But the bank said "normalisation" of rates would continue in months ahead.

“The size and timing of future interest rate increases will be guided by the incoming data and the Board's assessment of the outlook for inflation and the labour market,” Mr Lowe said.

“The board is committed to doing what is necessary to ensure that inflation in Australia returns to target over time.”

What is the cash rate?

Banks use an exchange settlement mechanism through the RBA to net out transfers between customers at the end of each day.

The RBA sets the official cash rate, which determines the interest rate charged between banks for overnight loans in this system.

That becomes the benchmark for other interest rates because it impacts the borrowing costs for a bank.

Banks have other potential short term borrowing methods, including 30 day, 60 day, or 90 day bills, but the rates on these closely follow expected cash rate movements.

Any differential between the interest rates on those bills and the forecast cash rate would advantage one side of a transaction, and so competition incentivises banks to keep the two rates close.

There are a few key mechanisms through which interest rates impact the economy.

The most well-known is that higher interest rates raise repayment costs for mortgages and other borrowings, which reduce cash available to be spent.

A 50 basis point rise would cost a homeowner with a $500,000 mortgage about $166 more per month, according to the Commonwealth Bank’s calculator.

The second impact is that changing rates changes investment decisions.

Businesses will need to be more careful about borrowing to fund new equipment or expansions as rates go up.

It changes the calculations for financing projects.

That leads to lower investment spending.

With the potential for bigger interest bills, new buyers will also pay less for a new home, slowing growth in house prices, or even leading to the drops experienced in east coast cities in recent months.
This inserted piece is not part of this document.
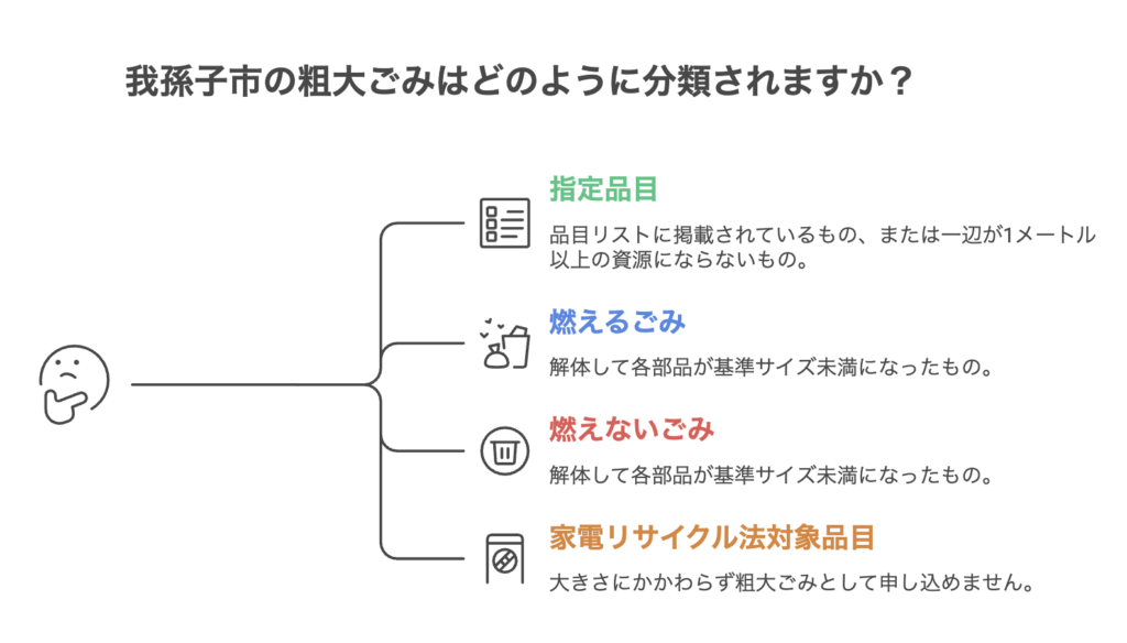 迷う場合は品目名で判断してください。我孫子市では家具・寝具・木製建具・電化製品・趣味遊具などが指定品目として一覧化されています。「これは粗大ごみか」と判断できない場合は、粗大ごみ受付センター(04-7181-5374)へ事前確認することを推奨します。

Lower house prices make consumers feel less wealthy and reduce spending.

Then there’s an international effect.

Investors will tend to move savings towards countries with higher interest rates, so a lift in the cash rate should generally create an inflow of investment into Australia.

That pushes up the exchange rate, making exports slightly less competitive and making imports cheaper.

This leads to a further reduction in spending in the local economy.

All of that, the RBA hopes, will help rebalance demand and supply to get inflation under control.